The Independent Community Bankers of America echoed that, writing in a statement that "community banks remain concerned that the new regulatory framework is too complex and would impose new and excessive data-collection costs that could inhibit their ability to serve local communities."

Bankers are also concerned about regulatory arbitrage as the OCC sets out on its own — a fear only magnified by the FDIC’s choice to opt out of the final rule amid the pandemic.

“As the only banking trade association that represents banks of all sizes and charters, we have also advocated for clear and consistent rules for all banks. The fact that only one of the three federal banking regulators overseeing CRA has adopted this final rule means it does not meet that goal,” Nichols said.

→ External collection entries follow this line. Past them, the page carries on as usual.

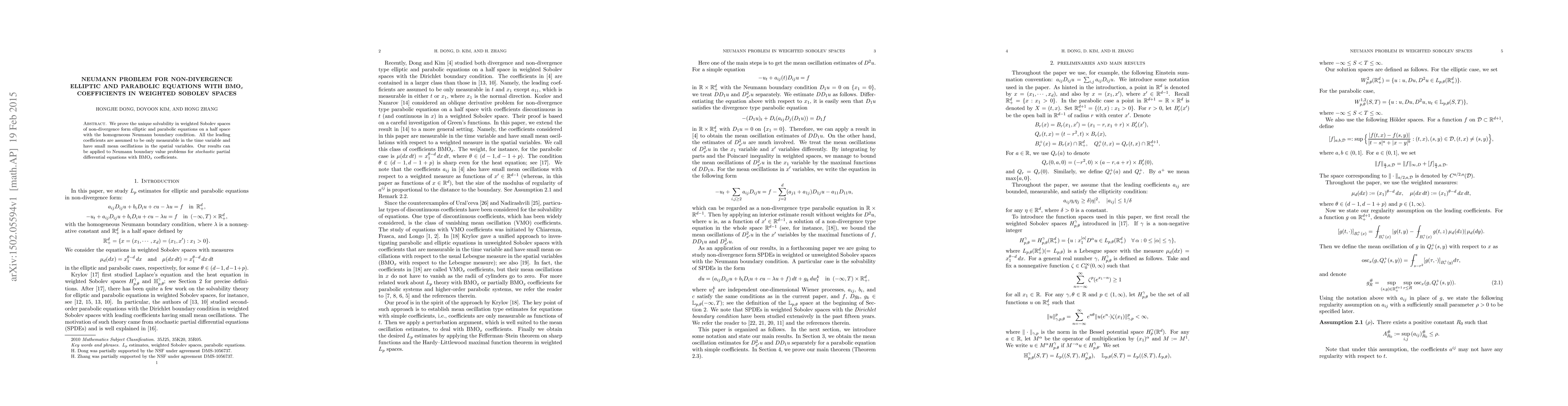 We prove the unique solvability in weighted Sobolev spaces of non-divergence form elliptic and parabolic equations on a half space with the homogeneous Neumann boundary condition. All the leading coefficients are assumed to be only measurable in the time variable and have small mean oscillations in the spatial variables. Our results can be applied to Neumann boundary value problems for {\em stochastic} partial differential equations with BMO$_x$ coefficients.
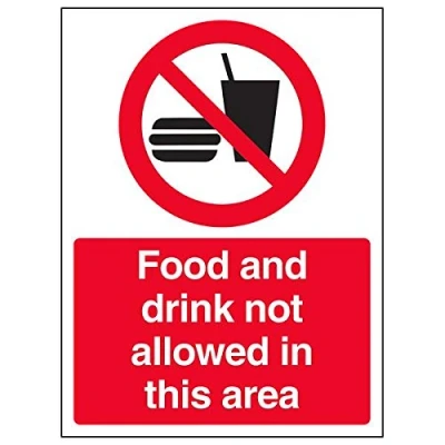 Helps to fulfil legal obligations to remind staff and visitors to wear the appropriate PPE in catering environments to ensure personal safety and maintain hygiene levels Conforms to EN ISO 7010:2012 - Mandatory Signs feature a round symbol with a blue background of at least 50% of the total sign area, with a white pictogram and text Portrait Orientation. Sign reads "Food And Drink Not Allowed In This Area" Highly durable 1mm plastic material and screen printed message will stand the test of time Sign measures 150 x 200mm.
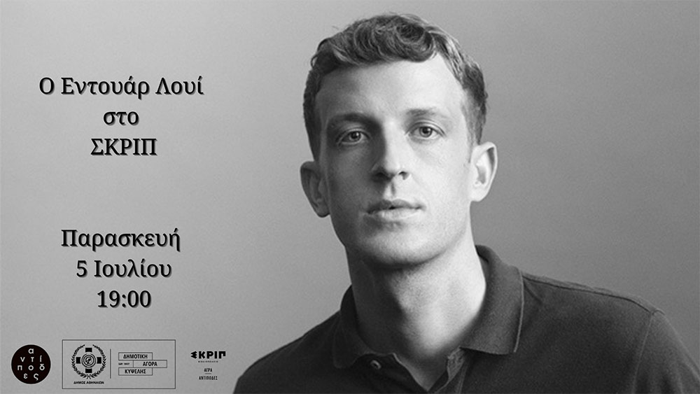 Οι εκδόσεις Αντίποδες και το βιβλιοπωλείο ΣΚΡΙΠ μας καλούν να γνωρίσουμε από κοντά τον Γάλλο συγγραφέα Εντουάρ Λουί στη Δημοτική Αγορά Κυψέλης. Ο συγγραφέας θα συζητήσει με τους παρευρισκόμενους και τις παρευρισκόμενες, θα υπογράψει τα βιβλία του και θα δεχτεί ερωτήσεις.
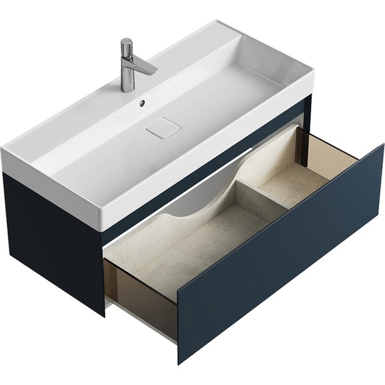 Тумба Aqwella Geometria 100 оснащена одним выдвижным ящиком на направляющих скрытого монтажа, что обеспечивает плавное скольжение и мягкое закрывание. Фасады и боковины с обработкой торцов под углом 45 градусов создают лаконичность и изящный, почти монолитный силуэт в закрытом состоянии. Все грани имеют округлую фрезеровку, обеспечивая приятные тактильные ощущения при открывании. Внутри ящиков - отделка под светлый камень, боковины выполнены из толстого тонированного стекла, что добавляет коллекции элегантности.
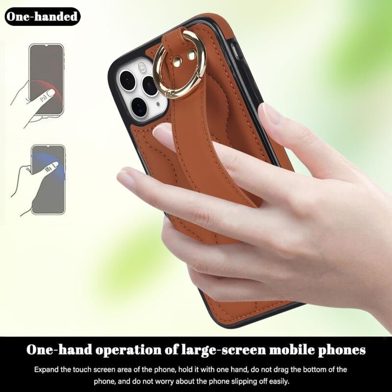 For iPhone 11 Pro Max Non-slip Full Coverage Ring PU Phone Case with Wristband(Brown)
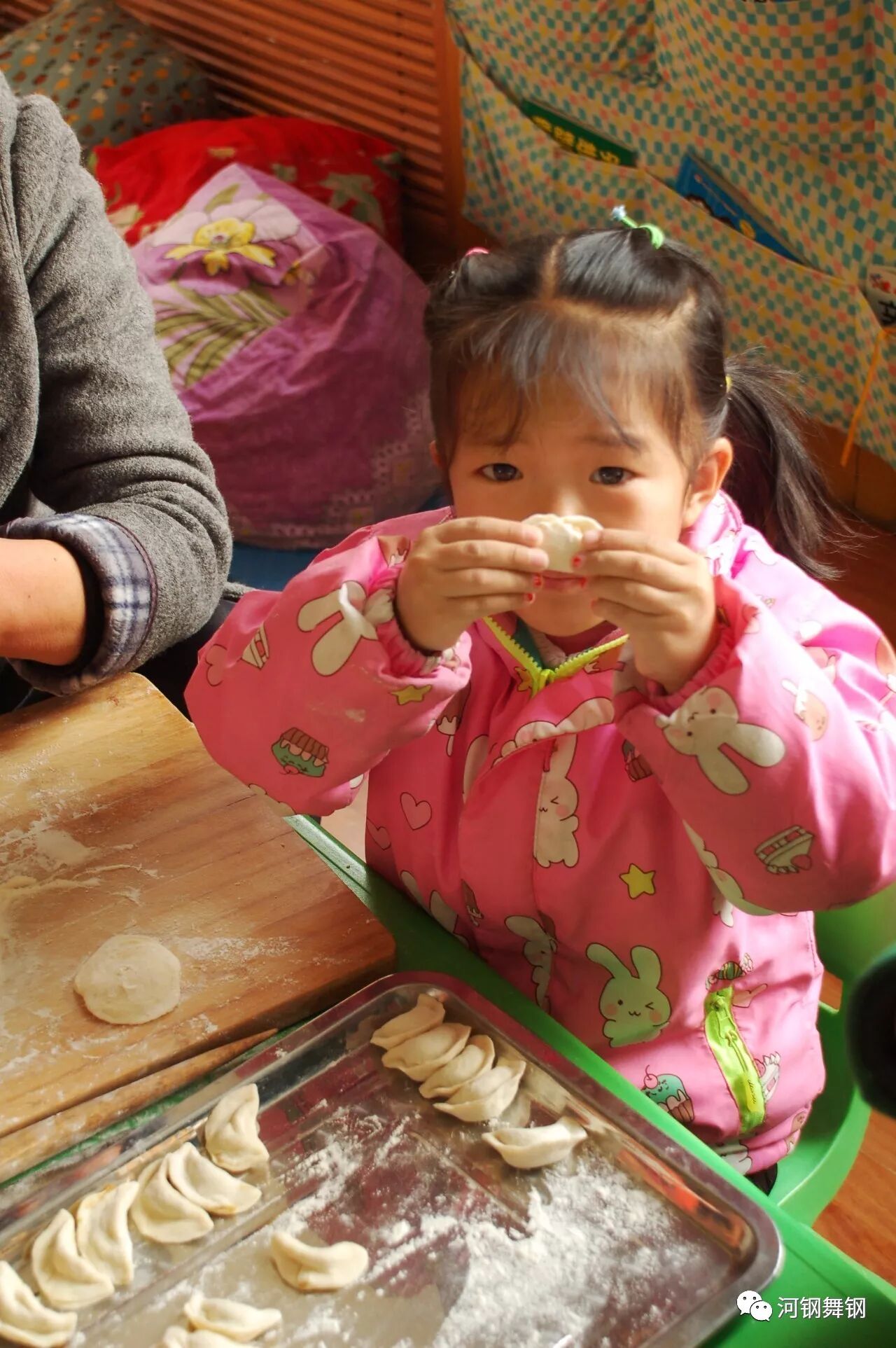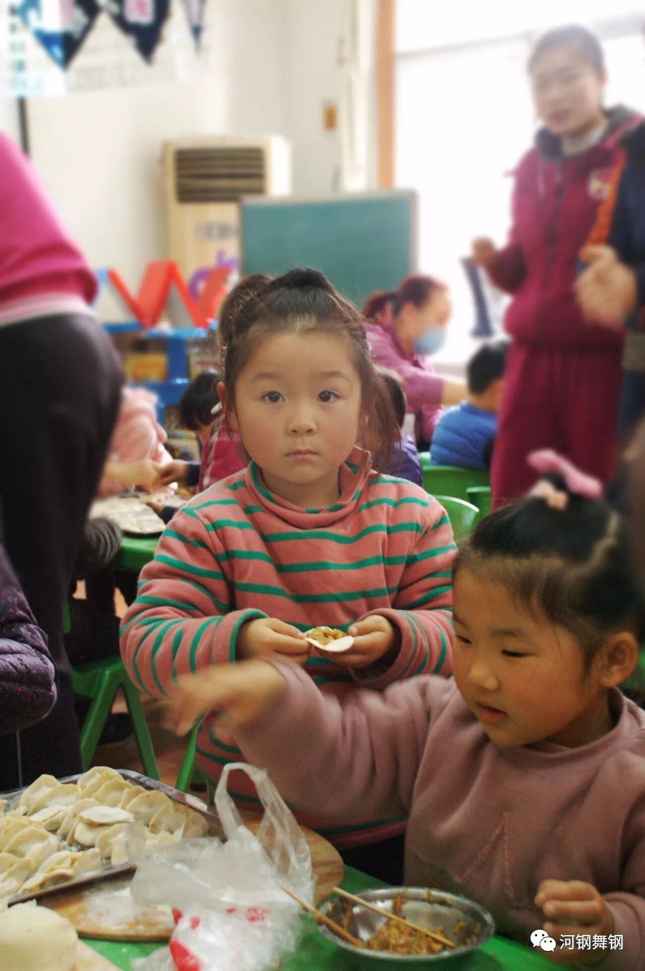 12月22日下午,在传统节日“冬至”到来之际,河钢舞钢幼儿园开展“迎冬至包饺子”亲子活动,邀请家长走进班级,和孩子们一起包饺子,吃饺子,共同欢度这个中国传统特色的节日。
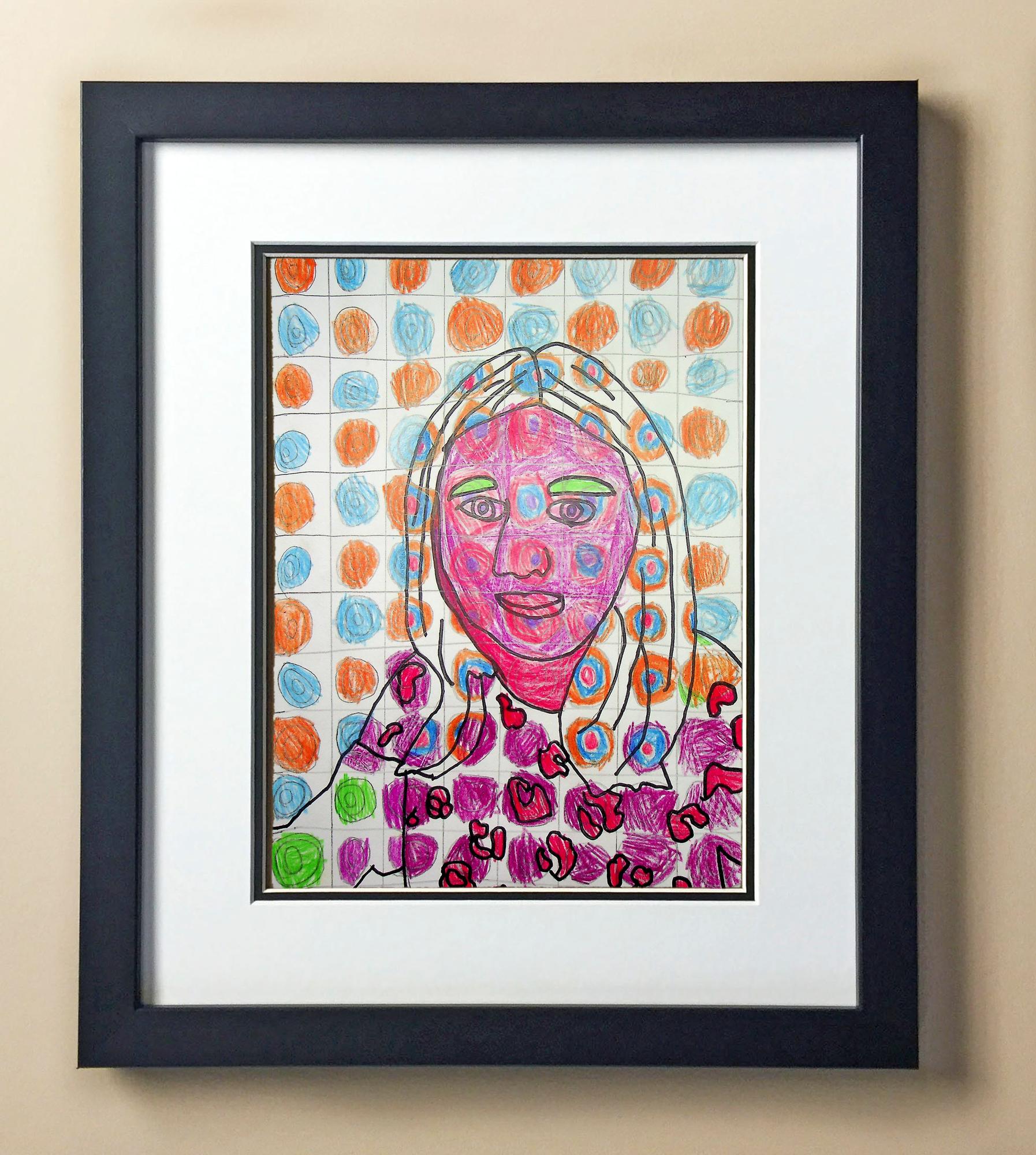 Included with the purchase is the Students Artwork, Frame, double matboard, shatter proof plexiglass, and a ready to hang backerboard with turnbuttons
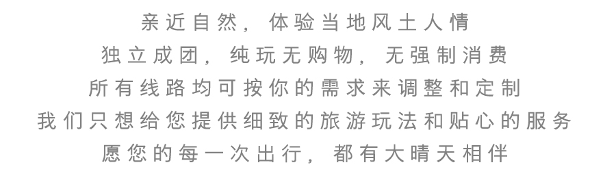 本行程是纯玩自由行,以风景游玩和休闲度假为主,行程中间客人可根据自己合理的意愿来安排游玩时间,没有任何强制性的景点或购物点安排。此行程单加盖本公司印章后即具旅游合同之法律效力,全面享有我公司各项服务保障、紧急救援及保险理赔等服务,报价不含税。
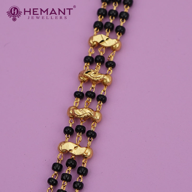 Micro Gold-Plated Multi-Strand Mangalsutra with Wati/Vati Pendant – Black & Gold Beaded Design 4392-93
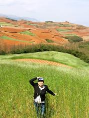 东川红土地——很不错的一个景点,还是半开发的状态,相当的漂亮。一开始我和闺蜜研究的是怎么去车站坐车,后来无意中看见一个游记推荐的昆明包车拼车师傅,花了258个大洋拼着过去的。事实证明我们的选择是正确的,服务相当的好,午餐也含了,最重要的是节约了很多时间。照片手机拍的,完全没体现出红土地的壮观来,我们去的时候正是小麦成熟的季节,有风的时候很有风吹麦浪的感觉。师傅的卫星7 894 8125,真的很赞,不过就是路程太远了,山路十八弯啊,闺蜜平时不晕车的都绕晕了!
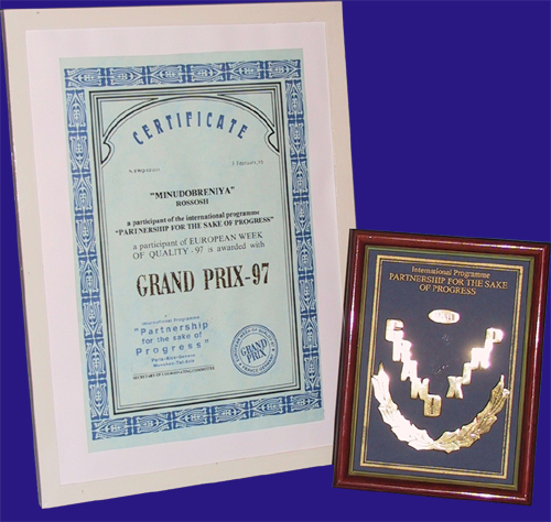 Предприятие было удостоено GRAND PRIX-97 за участие в международном конкурсе «Партнерство во имя прогресса» (Рим, Италия) в рамках программы «Европейская Неделя Качества-97». |
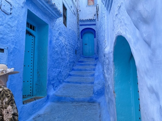 シャウエンの旧市街は、家の壁も道の階段も、様々な青色で染められています。
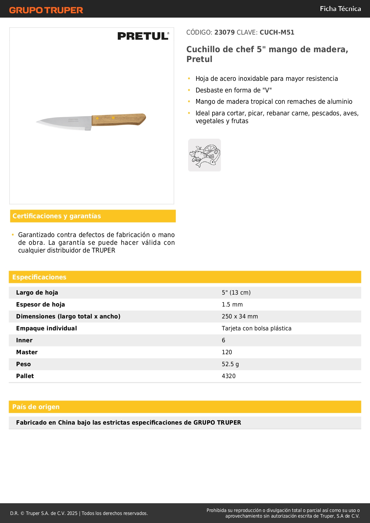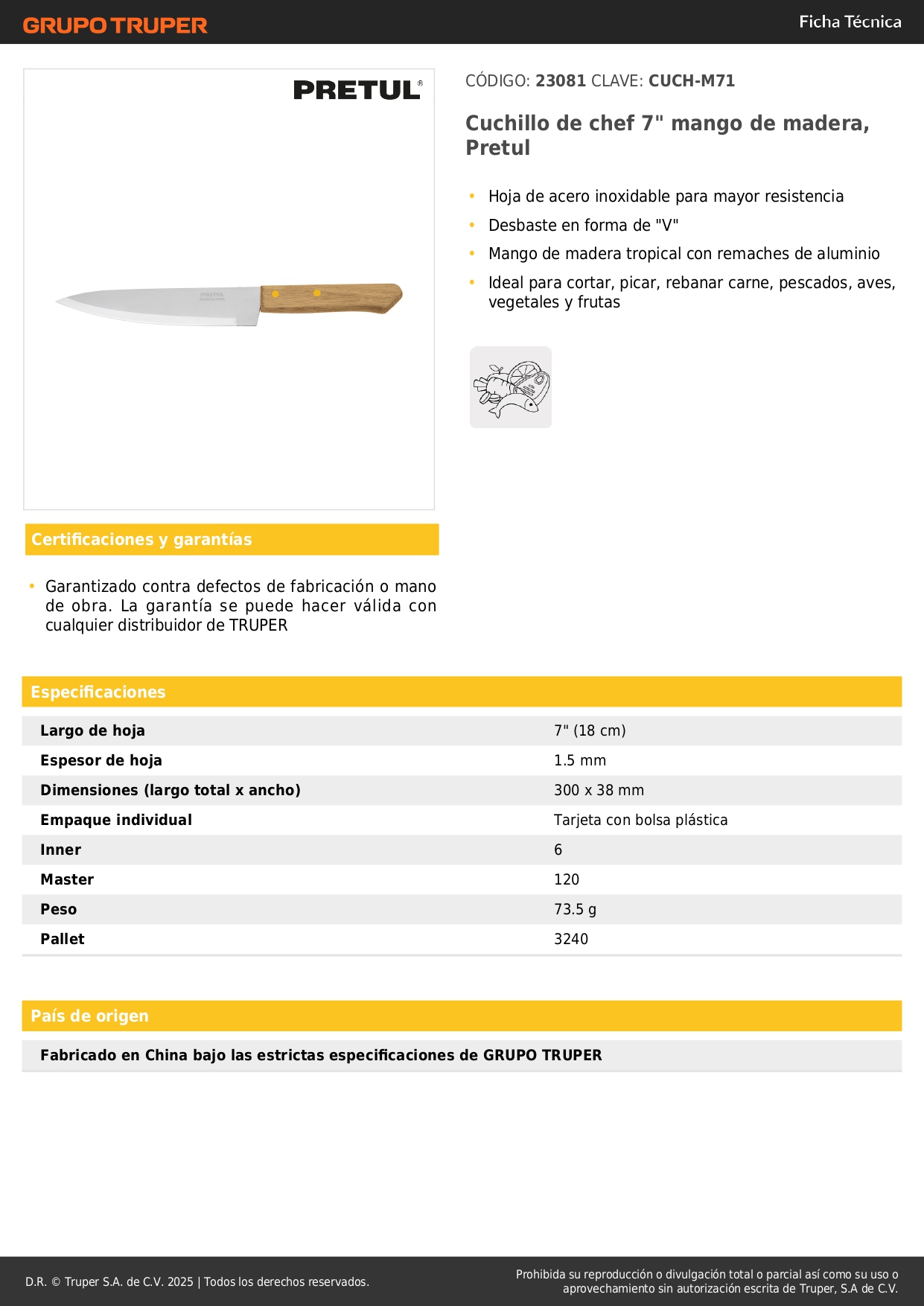 Ideal para cortar, picar, rebanar carne, pescados, aves, vegetales y frutas

Community groups, while acknowledging some of the concessions made by the OCC, remain staunchly opposed to the rule.

“Although some changes have been made to the final rule, much of the final rule retains the problematic original proposal,” the California Reinvestment Coalition said in a press release. “The hastiness of the process calls into question whether the public comments were fully considered, as is required by the laws governing the rulemaking process.”